Phoenix have been fire-selling with some conviction, aggressively trying to get rid of every player over the age of 27. The only players older than this that they now have on their roster are P.J. Tucker (who is nevertheless still very inexperienced) and Channing Frye. At the minimum salary, Tucker is so cheap that he is of great value even to a rebuilding team, whereas Frye, if he proves his health and a return to his usual averageness over the first few months of the season, is an extremely logical candidate for a deadline day trade. (And Tucker could well be used to facilitate this.) Phoenix has plenty of young players meriting development minutes, and the protected first round pick Washington also handed over in the deal further cements their new ideology. There is no better way to get younger than with draft picks.

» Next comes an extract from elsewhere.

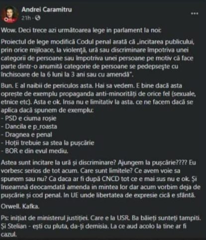 Stimați colegi de la R3media, este un lucru bun că nu s-au dat condamnări pe legea din 2009. De ce au modificat-o acum, pentru ca să fie mai ușor să se dea condamnări sau care este raționamentul? În orice caz, pentru un partid care vorbește de Libertate ca un pilon, știți pe cineva (din A.U.R.) care să îi fi luat apărarea lui Florin Dobrescu după ce i s-a deschis dosar penal pentru comemorarea de la Tâncăbești? Știți pe cineva (din A.U.R.) care să fi scos un cuvințel despre cazul domnului colonel Vasile Zărnescu, condamnat la închisoare cu amânare pentru publicarea unor studii despre holocaust? Cine din A.U.R. a vorbit împotriva conceptului de “instigare la ură” ca fiind o măciucă de intimidare a celor care-și permit să spună lucruri incomode? Iar referitor la argumentul “nu este o nouă lege, ci legea din 2009”, asta s-a întâmplat și când s-a publicat legea 217/2015, teoretic nu era o lege nouă, ci o completare la OUG 31/2002.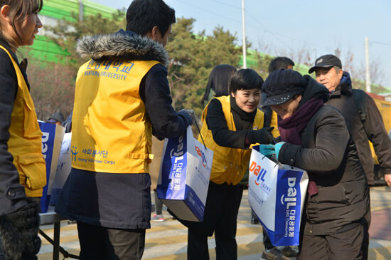 봉사단원들은 사회복지법인 다일복지재단과 함께 한 이날 '거리성탄예배'에서 방한 점퍼와 도시락 등을 노숙인과 무의탁노인들에게 전달했다.

The sole player Phoenix returned in this trade, Emeka Okafor, is now their oldest. The 31-year-old Okafor never developed offensively, and is now on the downside of his career - this, combined with his high cost and status as being out indefinitely due to a neck injury, had largely killed his market. His age of course rather defies the idea of the Suns getting younger, yet Okafor is in the deal mostly to facilitate it financially - the real lure for Phoenix is the first round pick Washington gave up for what may only be a one season rental of Gortat. But if it is only a one year rental, it is still likely worth it for Washington, such is the quality of Gortat. His finishing ability inside and out, his pick and roll offense, and sufficient shot blocking and rebounding add much to a team defiant and determined in their 2014 playoff push. This deal is of young for old, of the future for the now, two teams in contrary positions and opposite directions with very different shopping lists, helping each other fill them.

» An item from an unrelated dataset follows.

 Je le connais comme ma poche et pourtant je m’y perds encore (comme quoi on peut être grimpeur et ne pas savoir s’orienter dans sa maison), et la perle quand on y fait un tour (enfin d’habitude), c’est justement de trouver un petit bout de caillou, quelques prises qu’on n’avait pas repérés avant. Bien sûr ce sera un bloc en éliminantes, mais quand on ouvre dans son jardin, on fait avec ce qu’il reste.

This deal figures to benefit both teams. It might also work out well for the players, and in particular Okafor when he recovers from injury. Expiring at the end of the season, wanted by Phoenix purely for his contract, and with no one craving a $14,487,500 expiring contract deal more than the Suns, Okafor is not likely to be traded again and therefore must be considered a likely candidate for a buyout at some point between now and February. He cannot by rule return to Washington, yet everything else is fair game, and competitors in need of an extra big man such as Chicago, the Clippers and Oklahoma City should be on high alert. This is contingent upon his health, of course, yet his quality is proven.